Methods have previously been developed that allow current exoskeletons to transmit exoskeleton trajectory information to a central server, such as EKSO PULSE™. However, a reverse system, in which trajectory information is transmitted from a central server to an exoskeleton control system, carries significant risks: an exoskeleton joint might be commanded to move outside of a safe range of motion; an exoskeleton might apply too much acceleration to an exoskeleton wearer; or unsafe trajectories may unbalance an exoskeleton, resulting in injury to the exoskeleton wearer. Moreover, it must further be considered that what is safe for one specific exoskeleton wearer may not be safe for another, depending on the wearer's mass and proportions, extent of disability/rehabilitative state, and skill level at exoskeleton operation—with these considerations in some cases requiring modification of trajectories for different users. Furthermore, the United States Food and Drug Administration (FDA) requires that medical devices be proven to be safe, and, as such, the safety of exoskeleton trajectory packages should be clearly and consistently demonstrated.
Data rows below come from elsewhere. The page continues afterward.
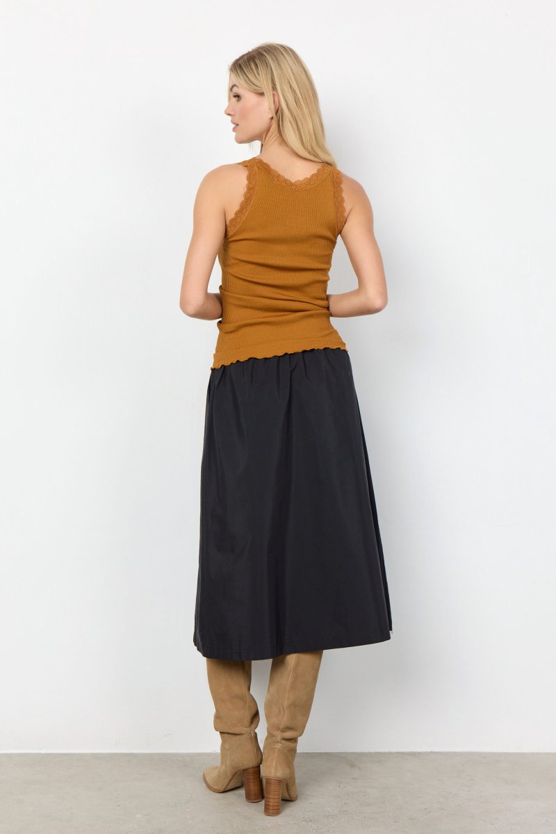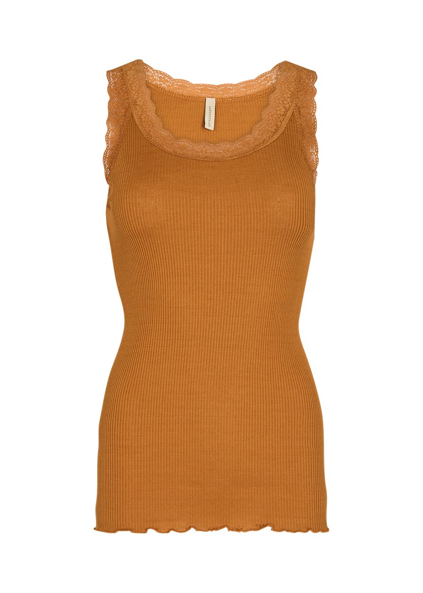 Parole chiave: Top in seta e cotone, SC-Sarona 1, top lusso, top femminile, top con dettagli in pizzo, top colore bruciato.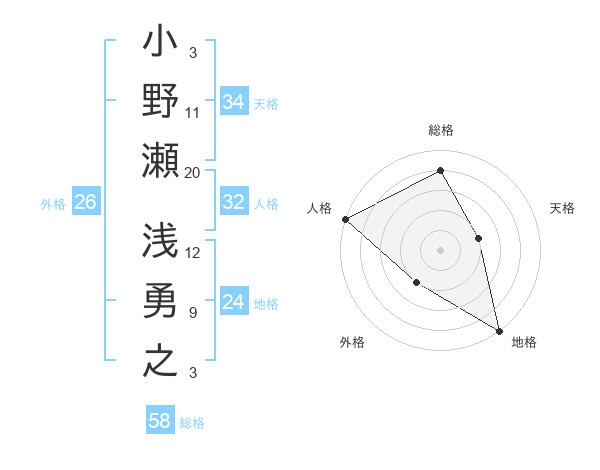 小野瀬 浅勇之さんの総格は58画の4点!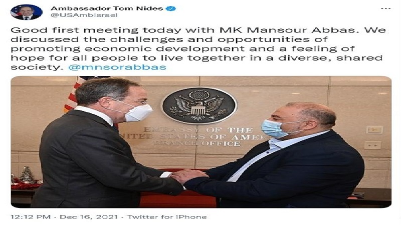 שגריר ארה"ב בישראל טוס ניידס נפגש לראשונה עם יו"ר רע"מ, חבר הכנסת מנסור עבאס. "הייתה פגישה טובה", צייץ ניידס בטוויטר. הוא טען כי הוא "דן באתגרים וההזדמנויות ובתחושת התקווה שכל האנשים יכולים לחיות יחד בחברה מגוונת ומשותפת".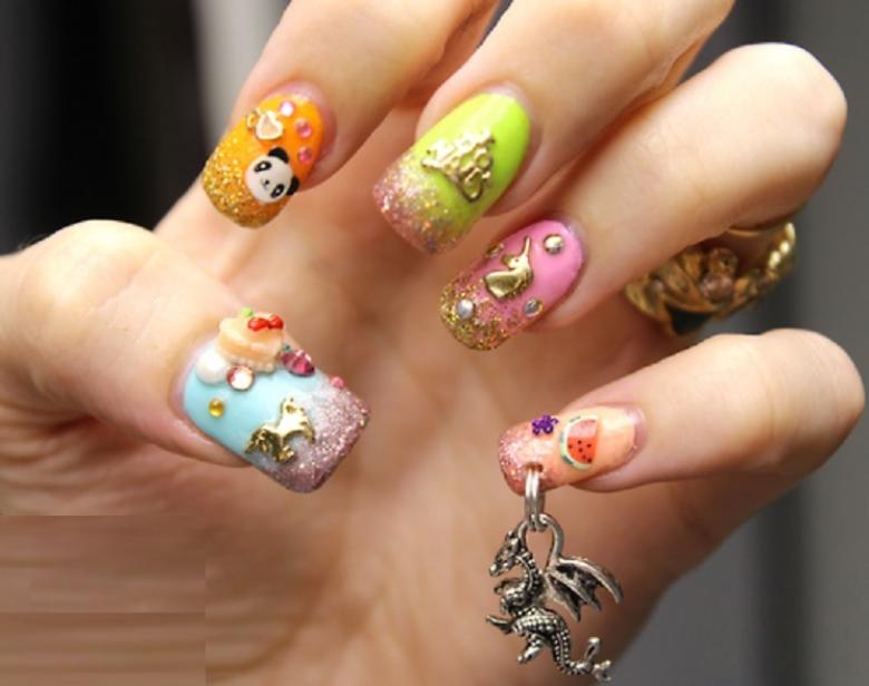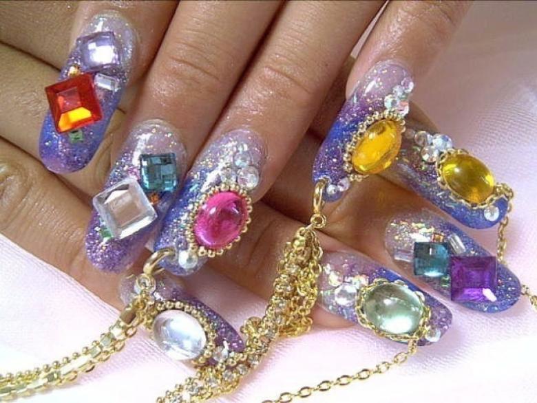 Pour éviter de s'accrocher aux bijoux, les décorations doivent être de petite taille et dépourvues d'angles vifs. Pour éviter d'endommager l'ongle, les extrémités des ongles artificiels sont soigneusement percées et toute la procédure est effectuée par la prothésiste ongulaire.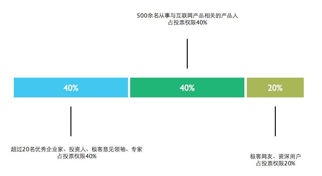 沒(méi)開(kāi)玩笑。盡管業(yè)界大大小小的評(píng)選很多,很多評(píng)選都是在灰色地帶游走,對(duì)業(yè)內(nèi)人士來(lái)說(shuō),“買獎(jiǎng)”是一種再也正常不過(guò)的行為了。但是,極客公園不想評(píng)了一年就跟大家說(shuō)拜拜,而是希望中國(guó)互聯(lián)網(wǎng)創(chuàng)新產(chǎn)品評(píng)選成為中國(guó)互聯(lián)網(wǎng)的“奧斯卡”,并一直用專業(yè)的精神和嚴(yán)謹(jǐn)?shù)膽B(tài)度,推動(dòng)產(chǎn)品思維和創(chuàng)新精神。所以,極客公園定制了嚴(yán)格的投票機(jī)制,以保證評(píng)選的公平和公正。這個(gè)投票機(jī)制可以簡(jiǎn)化為下圖: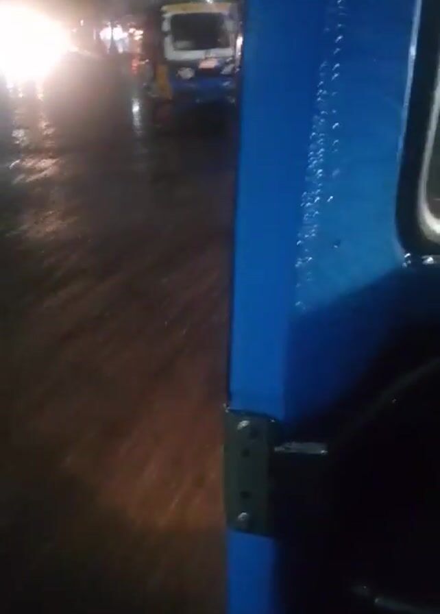 view from inside a blue vehicle, possibly a taxi or auto rickshaw, traveling down a wet street at night. Raindrops are visible on the window. The street is illuminated by headlights from oncoming vehicles and streetlights, which reflect off the wet pavement. Other vehicles are seen in the distance. The view is somewhat obscured by the side of the vehicle and the darkness.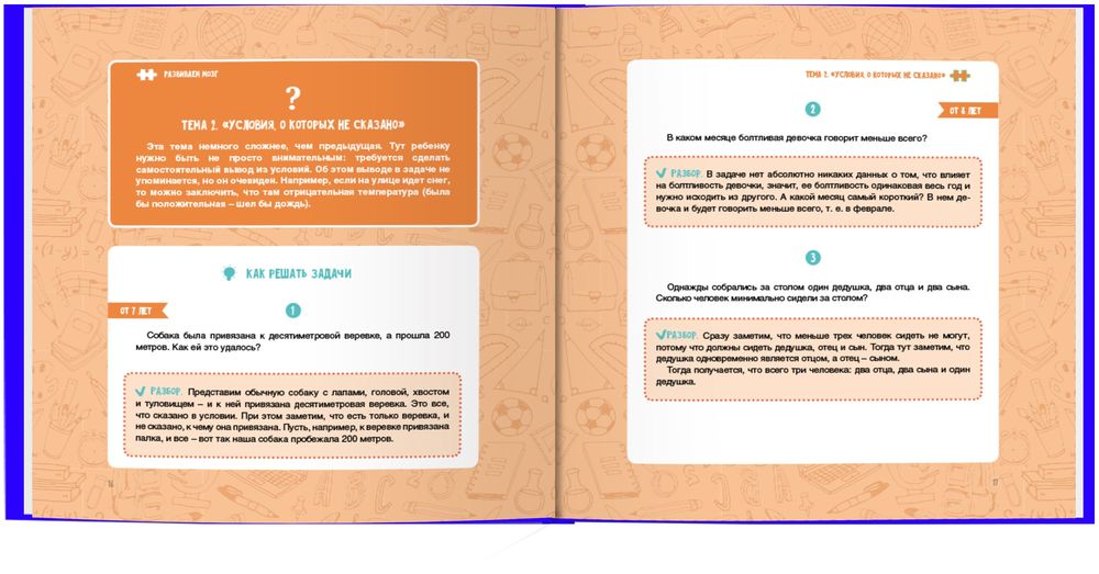 Большинство крупных корпораций, такие как Apple, Google и Facebook проверяют соискателей на умение решать логические задачи. Почему? Потому что информация в современном мире быстро устаревает и на первое место выходит навык логического мышления и умение мыслить нестандартно. Как развить эти способности у ребенка и сделать это в весело? Особенно если умение решать логические задачи не является сильной его стороной, а любые необычные вопросы вызывают реакцию "я не смогу". Вам поможет эта книга. Она научит ребенка строить логические выводы и искать выходы из нестандартных ситуаций. Это повысит его уверенность в себе и очень пригодится в будущем.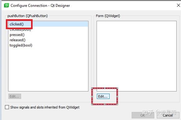 随后就出现了如下界面,在对话框左侧选中“clicked()”,右侧点击“Edit”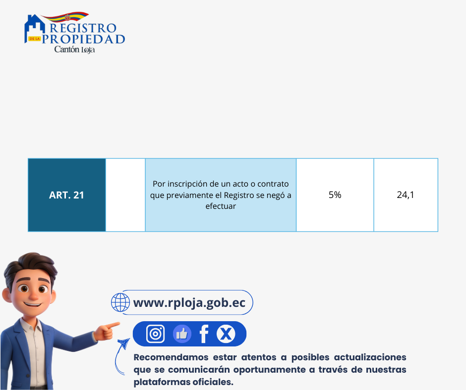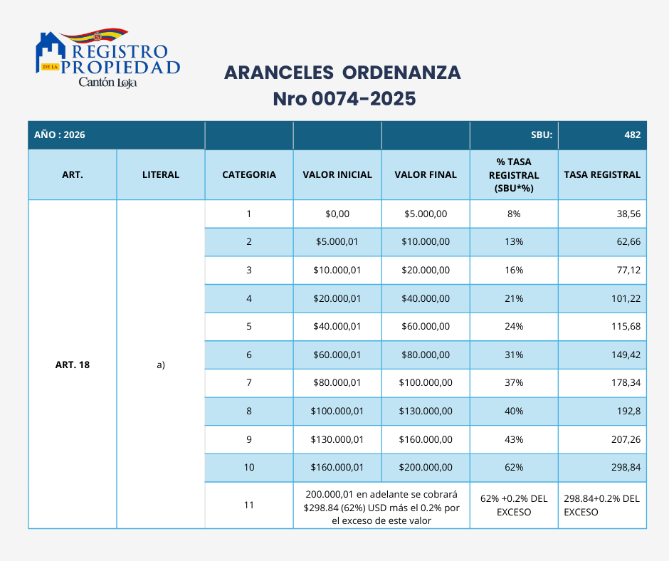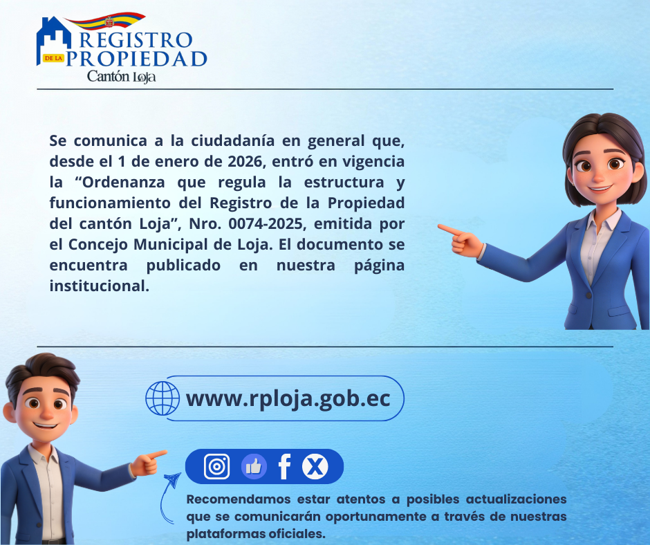 Se comunica a la ciudadanía en general que, desde el 1 de enero de 2026, entró en vigencia la “Ordenanza que regula la estructura y funcionamiento del Registro de la Propiedad del cantón Loja”, Nro. 0074-2025, emitida por el Concejo Municipal de Loja. El documento se encuentra publicado en nuestra página institucional.
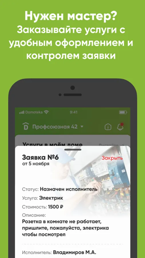 — Получить дополнительные услуги в вашей квартире (вызов электрика, водопроводчика и многое другое)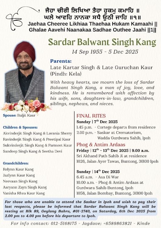 For those who are unable to attend the Saskar in Ipoh and wish to pay their last respects, please be informed that Sardar Balwant Singh Kang will be resting at Bik 89, Geylang Bahru, #01-2740, on Saturday, 6th Dec 2025 from 2.00 pm to 4.00 pm before his departure to Ipoh.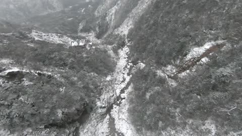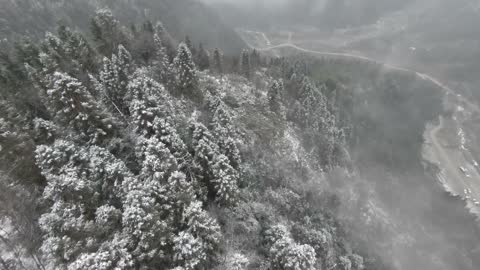 四川龙池穿越机飞过雪山山脊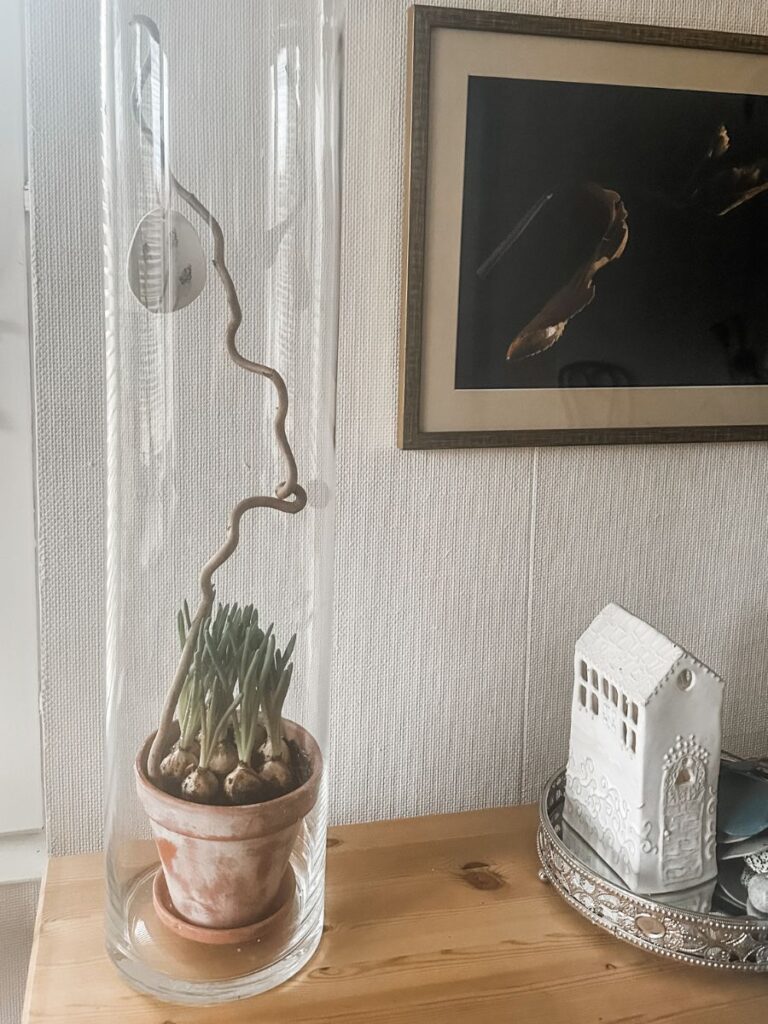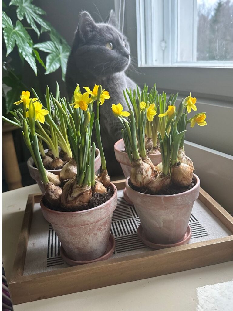 Ja koska meillä on kaksi kissaa, piti myös keksiä mihin kukat saa laitettua niin että saavat olla rauhassa. Tällaisia ratkaisuja tuli.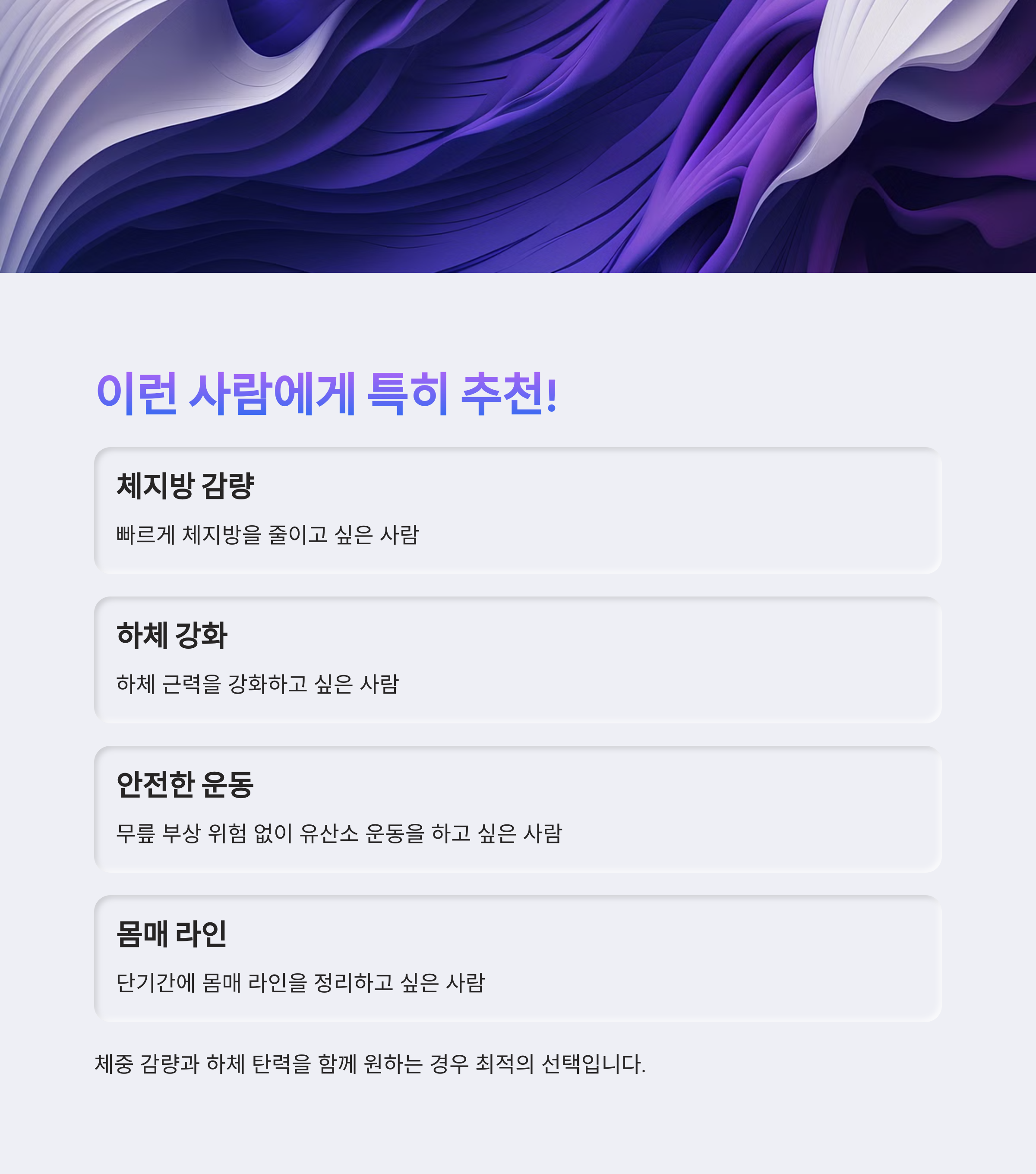 특히, 체중 감량과 하체 탄력을 함께 원하는 경우 천국의 계단은 최적의 선택입니다.
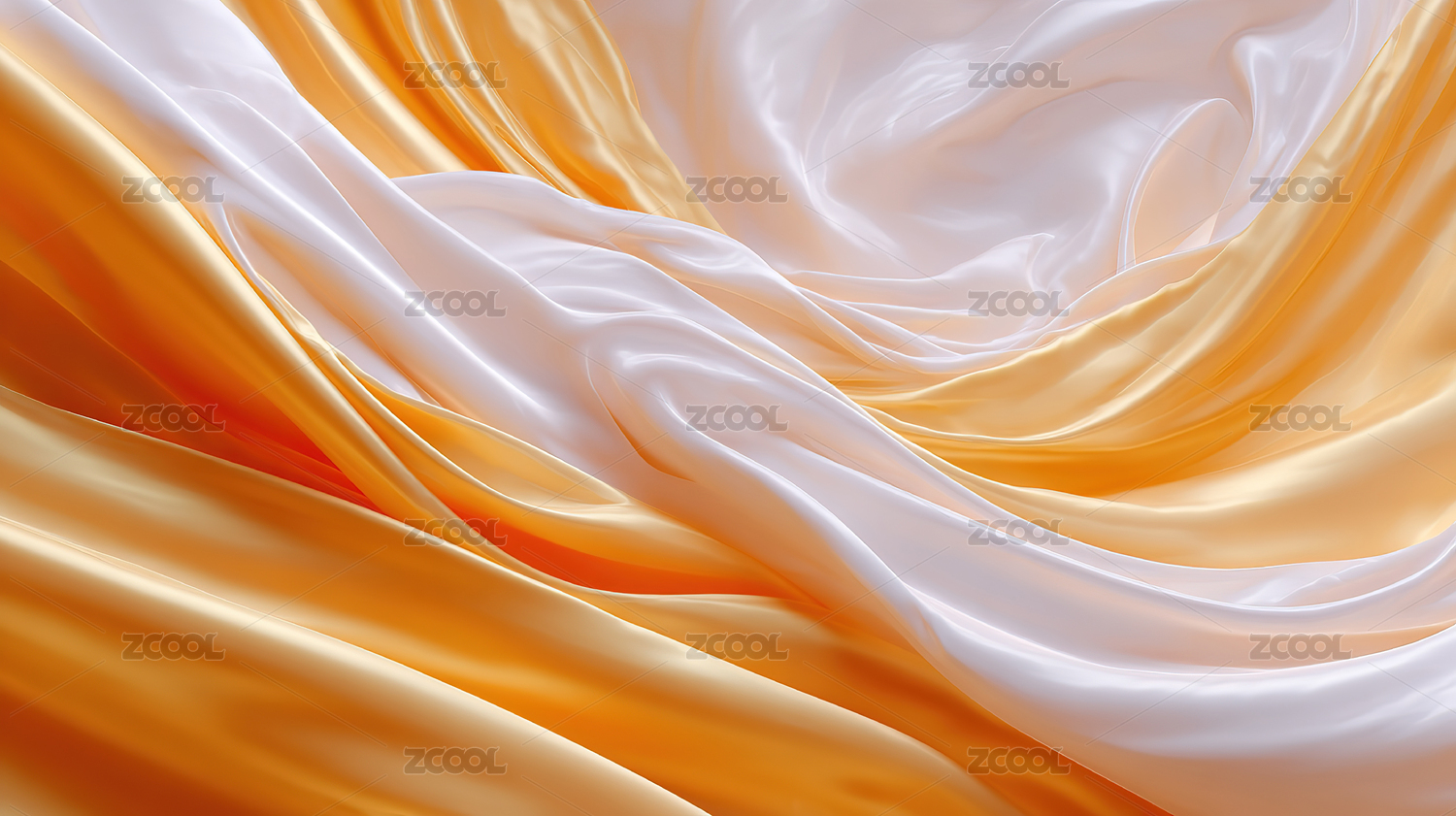金色与白色丝绸的柔美褶皱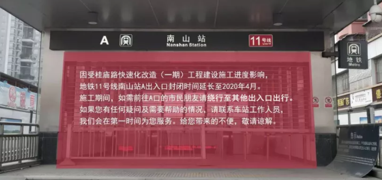乘客們也請(qǐng)注意:11號(hào)線南山站A出入口延長封閉時(shí)間至2020年4月
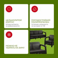 - Состоит из цельнолитых панелей, имитирующих ротанговое плетение, благодаря чему мебель не расплетается и отлично держит форму

Accordingly, there exists an unmet need to develop a method and device that allows for exoskeleton trajectory sequence creators to be able to distribute, with satisfaction of certain terms including payment, exoskeleton trajectory sequences to other exoskeleton users. There also exists an unmet met need to provide a method and device that demonstrates, to the satisfaction of applicable regulatory authorities, that the exoskeleton trajectory sequences considered for distribution are safe. As such, the distribution system preferably also includes a validation component, including but not limited to a safety check of the exoskeleton trajectory sequence, prior to the transfer of a trajectory sequence to a new exoskeleton/exoskeleton user.